The Electric Vehicles market includes information about electric vehicles in countries where, according to our sources, a public electric vehicle charging infrastructure is already available. In this context, “public” means that people have unrestricted access to the charging infrastructure. A vehicle can be defined as electric if it is self-contained with a battery or classified as a plug-in hybrid. All key figures shown represent the sales of new cars, and their basic configuration in the respective year. The figures do not include the sale of used vehicles nor adapted equipment for the new cars sold. The prices and revenues shown are accordingly based on the basic models.
The Electric Vehicle market is divided into distinct two distinct markets, namely Battery Electric Vehicles (BEVs) and Plug-in Hybrid Electric Vehicles (PHEVs). This categorization allows for a nuanced understanding of the market dynamics, considering the specific attributes and market penetration of each electric vehicle type. The emphasis on new car sales and their foundational configurations ensures clarity, while the exclusion of used vehicles and customizations maintains focus on the evolving landscape of electric vehicles.
Most recent update: Nov 2024
Source: Statista Market Insights
Most recent update: Nov 2024
Source: Statista Market Insights
Denmark has seen a significant growth in the Electric Vehicles (EV) market in recent years, with a rising number of consumers opting for electric vehicles over traditional gasoline-powered cars.
Customer preferences: One of the main reasons behind the increasing popularity of electric vehicles in Denmark is the growing concern for the environment. Danish consumers are becoming more conscious of their carbon footprint and are actively seeking greener transportation options. Electric vehicles offer a more sustainable and eco-friendly alternative to conventional cars, as they produce zero emissions and contribute to reducing air pollution.
Trends in the market: The Danish government has played a crucial role in promoting the adoption of electric vehicles by implementing various incentives and policies. These include tax exemptions, reduced registration fees, and access to bus lanes and toll-free roads. Such incentives have made electric vehicles more affordable and convenient for consumers, encouraging them to make the switch. Moreover, the infrastructure for electric vehicles has been rapidly expanding in Denmark. The country has witnessed a significant increase in the number of charging stations, making it easier for EV owners to recharge their vehicles. This infrastructure development has alleviated the concerns of range anxiety, which was one of the major barriers to electric vehicle adoption.
Local special circumstances: Denmark's small geographical size and well-developed public transportation system have also contributed to the growth of the electric vehicle market. The average daily commute in Denmark is relatively short, making electric vehicles a practical choice for many residents. Additionally, the availability of public charging infrastructure has made it more convenient for people to own and use electric vehicles.

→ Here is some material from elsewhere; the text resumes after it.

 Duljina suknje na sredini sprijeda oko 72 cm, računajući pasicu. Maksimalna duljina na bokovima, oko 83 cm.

Underlying macroeconomic factors: Denmark's commitment to renewable energy has had a positive impact on the electric vehicle market. The country has set ambitious targets for reducing greenhouse gas emissions and increasing the share of renewable energy in its energy mix. This commitment has created a favorable environment for the growth of the electric vehicle industry, as it aligns with the country's broader sustainability goals. Furthermore, the Danish government's focus on innovation and technology has attracted investment in the electric vehicle sector. The country has a strong reputation for promoting clean technology and has fostered a supportive ecosystem for startups and companies in the electric vehicle industry. This has led to the development of innovative electric vehicle models and technologies, further driving the market growth. In conclusion, Denmark's Electric Vehicles market has experienced significant growth due to customer preferences for sustainable transportation options, government incentives and policies, expanding charging infrastructure, local special circumstances such as short commutes and a well-developed public transportation system, and underlying macroeconomic factors such as the country's commitment to renewable energy and focus on innovation. These factors have created a favorable environment for the adoption and growth of electric vehicles in Denmark.
Notes: Data was converted from local currencies using average exchange rates of the respective year.

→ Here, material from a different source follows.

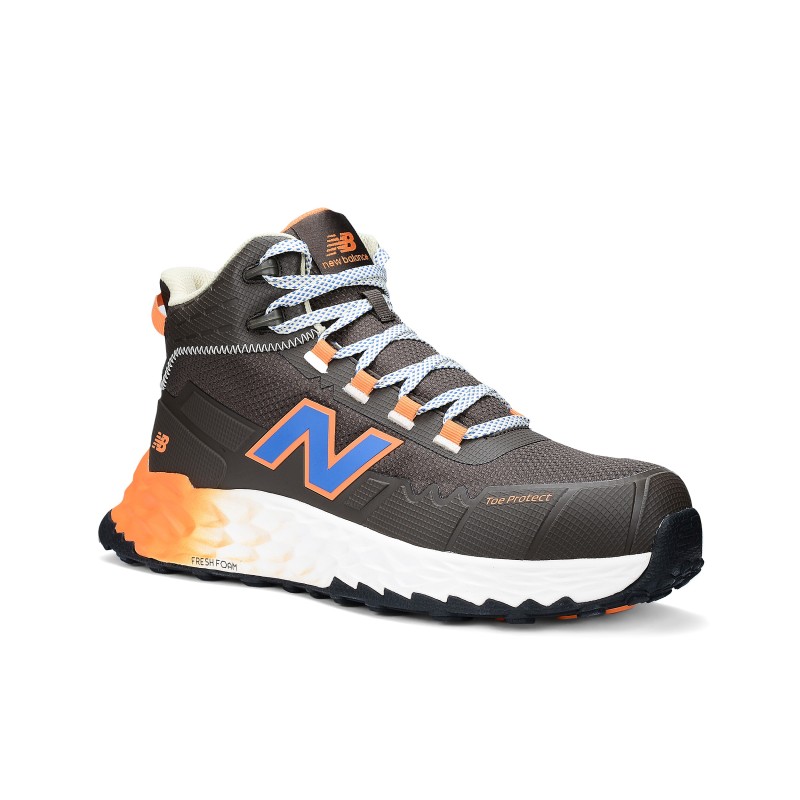 Tige haute synthétique S3 résistante à l’abrasion • Col renforcé eTPU et rembourré pour plus de confort • Logo New Balance eTPU • Renfort embout TOE PROTECT en eTPU • Construction soudée • Embout Composite 200 J • Laçage 2 oeillets synthétique sur le col et laçage textile et boucles lacets textile sur le pied • Doublure maille respirante.

Most recent update: Nov 2024
Source: Statista Market Insights
Notes: Data was converted from local currencies using average exchange rates of the respective year.
Most recent update: Nov 2024
Source: Statista Market Insights
Notes: Data was converted from local currencies using average exchange rates of the respective year.
Most recent update: Nov 2024
Source: Statista Market Insights
Notes: Data was converted from local currencies using average exchange rates of the respective year.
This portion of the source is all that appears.